In the eighteenth century, British colonization also spread eastward, dominating Australia and New Zealand
7. Spanish Empire
Being the discoverers of the continent, the Spaniards established the largest number of colonies in North, Central and South America. The colonized territories were divided into Viceroyalties, that is, they were administered by a Viceroy who ruled in the name of the Spanish king.
At the end of the 18th century, the Spanish Impero came to cover 20 million square kilometers.
8. French Colonial Empire
France disputed with the United Kingdom the territories of North America. In addition, it established colonies on the shores of the Indian Ocean and in the Caribbean. However, most of its colonial territory was in Africa. This empire was sustained even until World War II, when the decolonization processes began in Asia (beginning with Vietnam) and Africa (beginning with Cameroon).
9. Consequences for the metropolis
In the powers that initiated the colonizations, the consequences were different in each case. In all cases, the colonies gave them economic growth, but it was taken advantage of in different ways.

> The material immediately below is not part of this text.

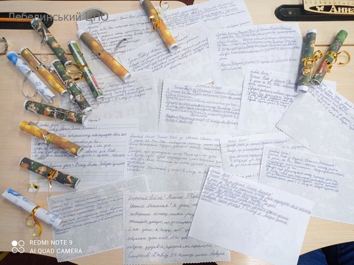 До новорічних свят вихованці гуртка «Початкове технічне моделювання» (керівник Наталія Коростіль) виготовили подарунки та написали привітання з Новим роком та Різдвом Христовим для воїнів-захисників.

In the United Kingdom, for example, raw materials obtained through colonization allowed sustaining the development of growing industrialism. However, in Spain, it only delayed the growing indebtedness of the court.
10.Consequences for colonized territories
The colonized territories were drastically modified, since for the most part the local cultures were completely eliminated or in the best cases native elements were combined with elements of the colonizing cultures.
Along with the language, the colonies received the ideology, scientific knowledge and religious beliefs of the metropolis, although in each territory the impact of the same was different.
For example, in many regions of the Americas there are almost no speakers of native languages, while in Africa an important part of the population is bilingual. However, in Asia and Africa the demographic impacts (changes in population) were lower.